** Supplied records **
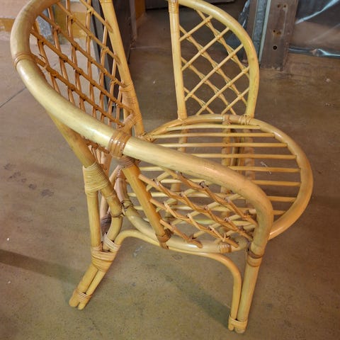 Hyväkuntoinen rottinkikalusto sohva, kaksi tuolia, pöytä.
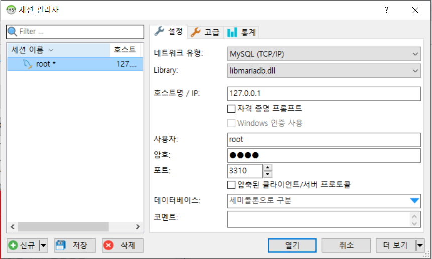 신규 버튼을 클릭하고 설치시에 입력하였던 패스워드와 포트번호를 적어줍니다. 신규로 만든 계정 또한 rename을 통하여 root로 바꾸어 주었습니다.
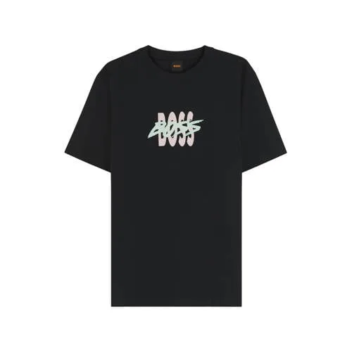 Dit zwarte BOSS heren T-shirt van 100% katoen is een praktische basic voor elke dag. Het model 'Te_Bass' heeft een regular fit en korte mouwen, waardoor het ruim zit zonder wijd te lijken. De ronde hals en de subtiele printopdruk geven het shirt een rustige, verzorgde uitstraling. Het zachte katoen voelt soepel aan op de huid en is geschikt voor zowel werk als vrije tijd.Kenmerken van dit zwarte T-shirt Gemaakt van 100% katoen voor een zachte touch Regular fit voor een ontspannen pasvorm rond borst en schouders Korte mouwen en ronde hals, passend bij veel stijlen Zwarte kleur met printopdruk voor een rustige, moderne look Geen sluiting en geen borstzak voor een strak en clean geheel Wasbaar op 30 graden en lauw strijkbaar (1 punt) Niet drogen in de droogtrommel voor het beste behoud van vorm en kleurElke dag eenvoudig te combinerenDit T-shirt past makkelijk in je dagelijkse garderobe. Draag het op een jeans en sneakers voor een casual look of onder een vest of overshirt als extra laag. De zwarte kleur combineer je eenvoudig met neutrale of juist opvallende items.BOSS: tijdloze stijl en betrouwbare kwaliteitBOSS staat bekend om moderne herenmode met een heldere, tijdloze stijl. De collecties combineren comfortabele materialen met een goede pasvorm en verzorgde afwerking. Zo haal je met dit T-shirt een betrouwbaar basisstuk in huis waar je lang plezier van hebt.Een eenvoudige basic die je moeiteloos keer op keer uit de kast pakt.
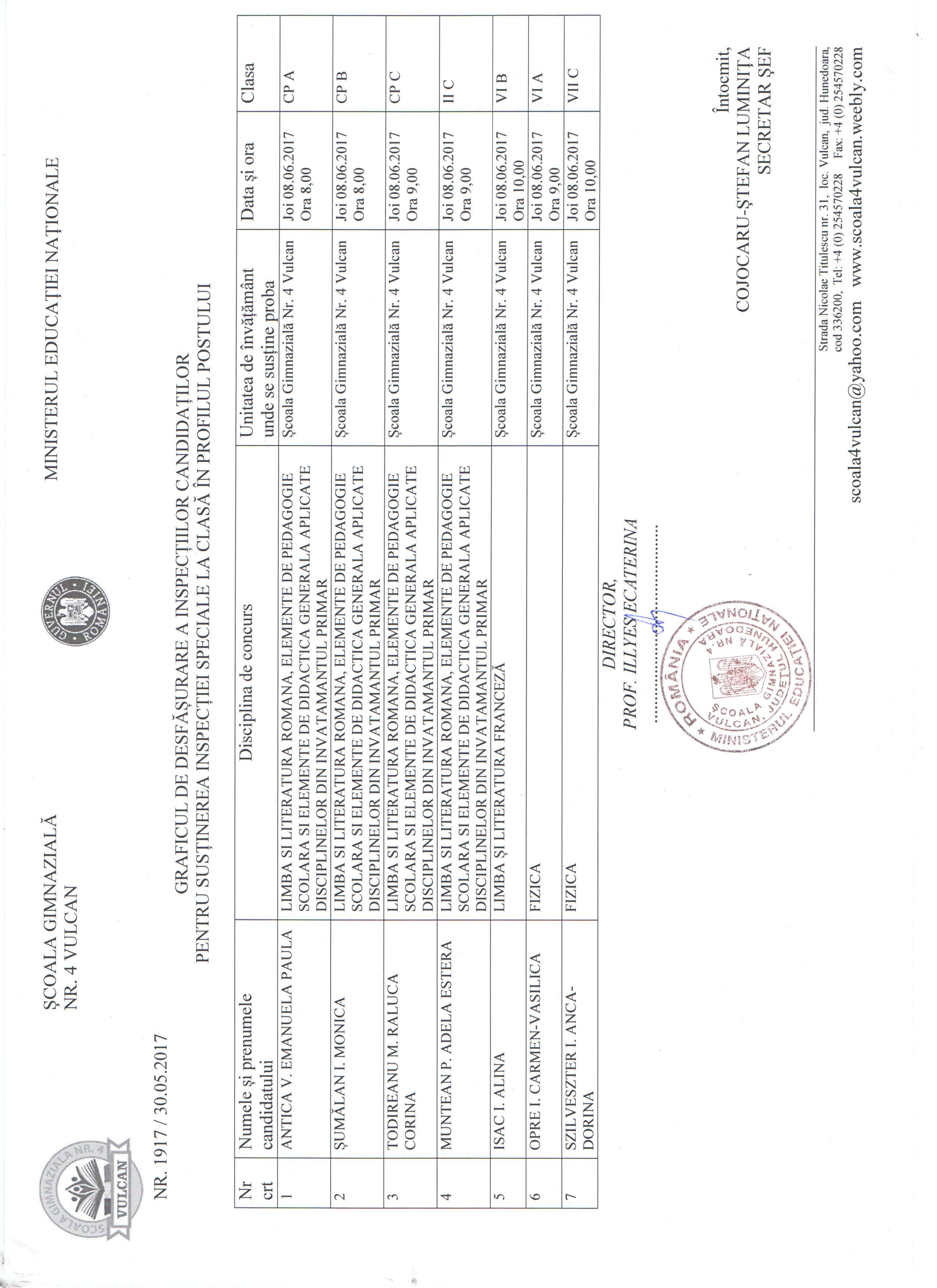 Datorită faptului că în săptămâna 29.05.2017-02.06.2017 la Şcoala Gimnazială Nr. 4 Vulcan se desfăşoară programul naţional "Şcoala altfel", susţinerea inspecţiilor speciale la clasă s-a reprogramat conform graficului din ataşament.
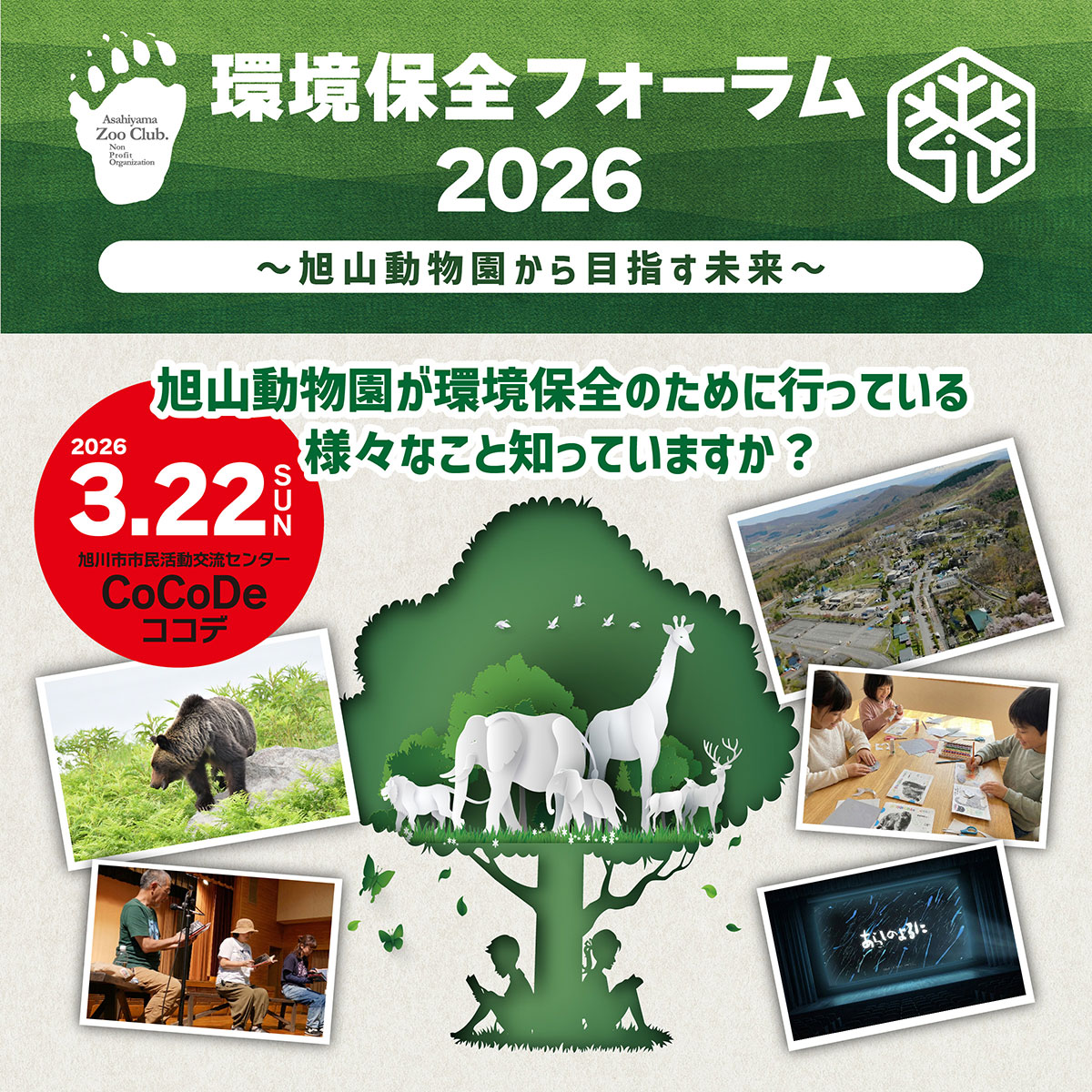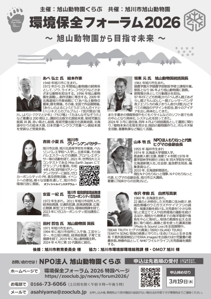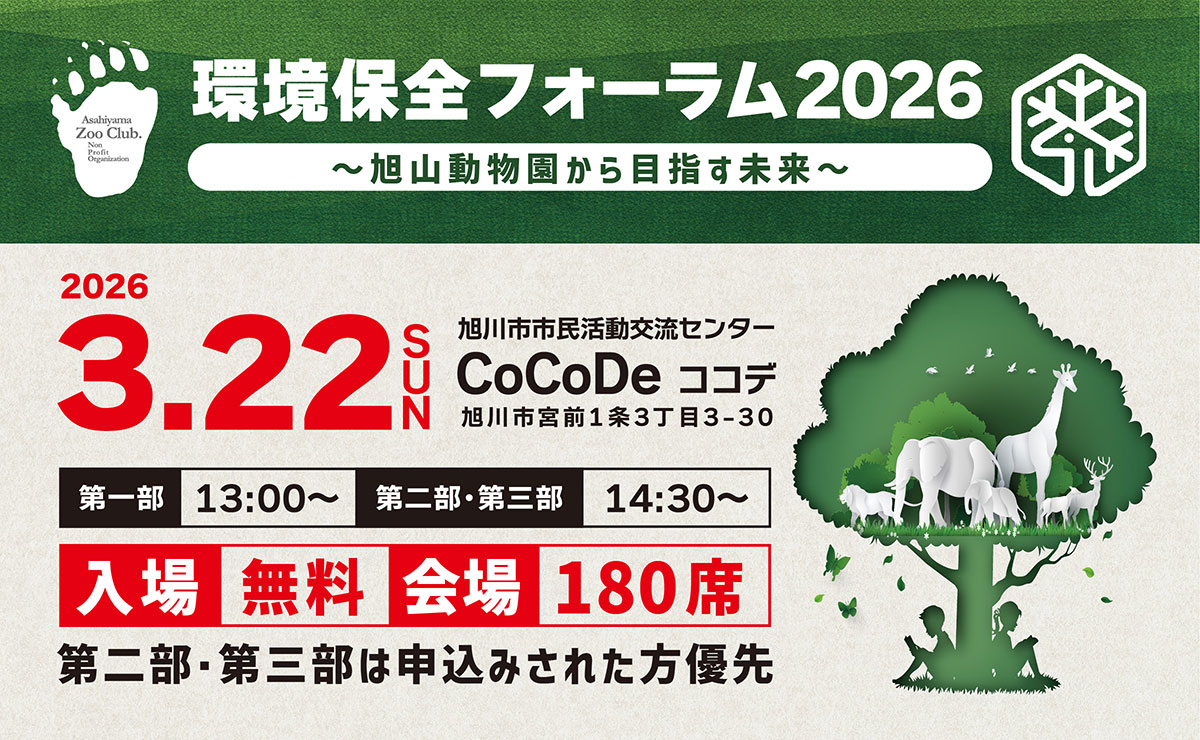 特定非営利活動法人 旭山動物園くらぶは、旭川市旭山動物園との共催により、2026年3月22日(日)に 「環境保全フォーラム2026~旭山動物園から目指す未来~」を開催します。
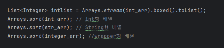 Wrapper 타입이나 int형 기본형 배열들은 Arrays.sort(배열) 함수로 배열이 가능하다.
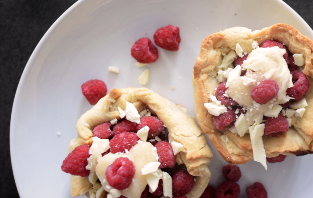 Once fully dried and hardened, chop apart into decorative pieces. - As the pies have cooled and set, top with fresh raspberries, white chocolate pieces, and drizzles of whipped honey.
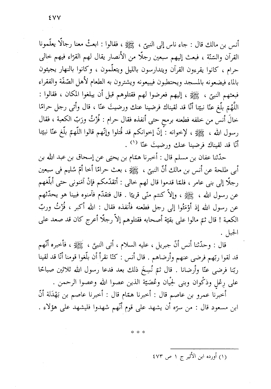 حدّثنا عفان بن مسلم قال: أخبرنا همّام بن يحيى عن إسحاق بن عبد الله بن أبى طلحة عن أنس بن مالك أنّ النبىّ، -صلى الله عليه وسلم-، بعث حرامًا أخا أمّ سُليم فى سبعين رجلًا إلى بنى عامر، فلمّا قدموا قال لهم خالى: أتقدّمكم فإنْ آمَنونى حتى أبلّغهم عن رسول الله، -صلى الله عليه وسلم-، وإلّا كنتم منّى قريبًا. قال فتقدّم فآمنوه فبينا هو يحدّثهم عن رسول الله إذ أوْمَئُوا إلى رجل فطعنه فأنفذه فقال: الله أكبر، فُزْتُ وربّ الكعبة! قال ثمّ مالوا على بقيّة أصحابه فقتلوهم إلّا رجلًا أعرج كان قد صعد على الجبل.
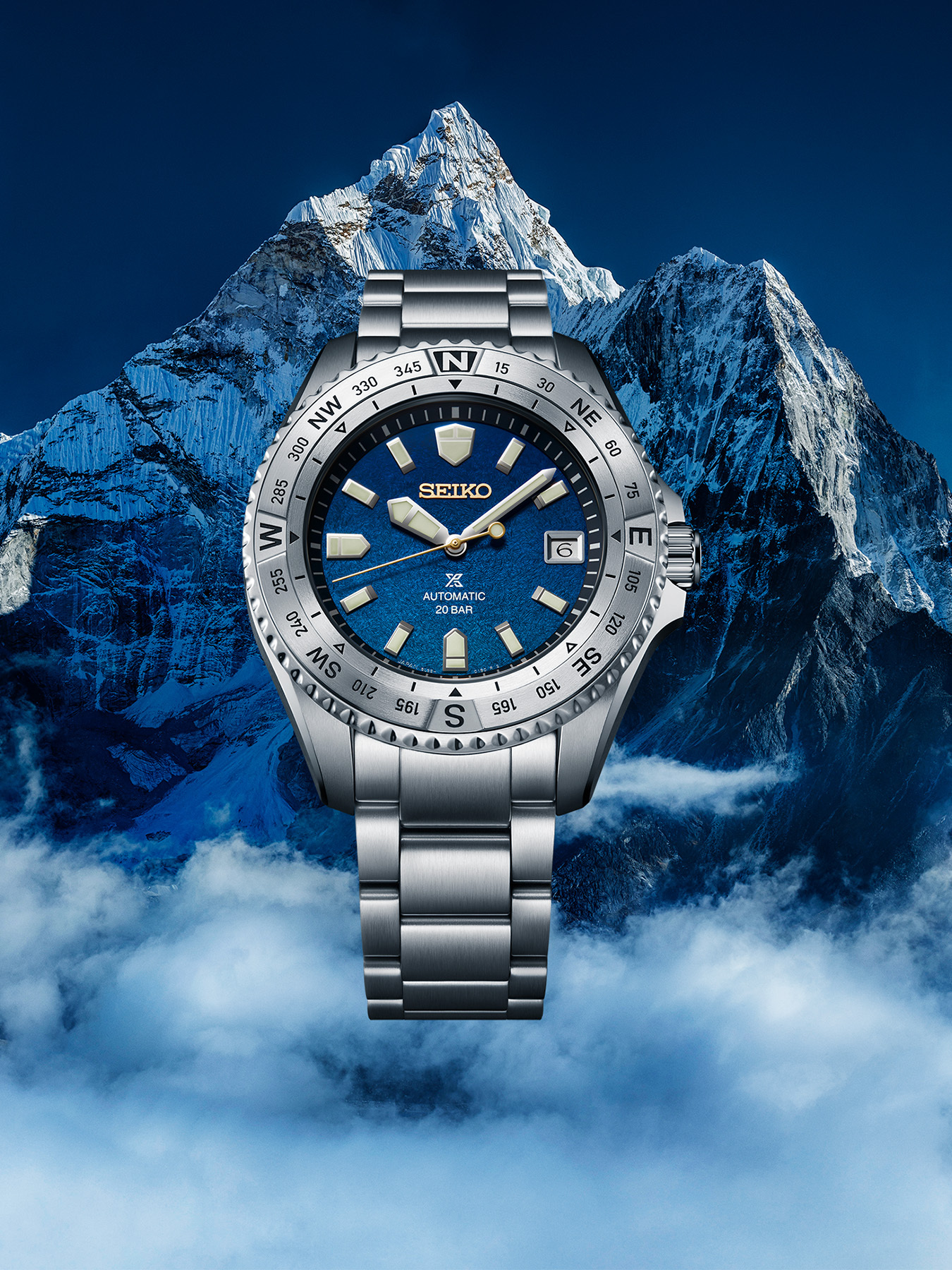 With its adjuster function, wear it over Arctic gear hassle-free. Lumibrite-coated indexes and hands ensure legibility in extreme environments. The sky-blue gradation dial mirrors Mount Everest's view, evoking the universe's majesty.

** Task prompt **
Take the material above from the line bearing "Wrapper 타입이나 int형" through the line bearing "Once fully dried" and write it out exactly, both end lines included. Pictures stay out.

** Reply **
 Wrapper 타입이나 int형 기본형 배열들은 Arrays.sort(배열) 함수로 배열이 가능하다.
 Once fully dried and hardened, chop apart into decorative pieces. - As the pies have cooled and set, top with fresh raspberries, white chocolate pieces, and drizzles of whipped honey.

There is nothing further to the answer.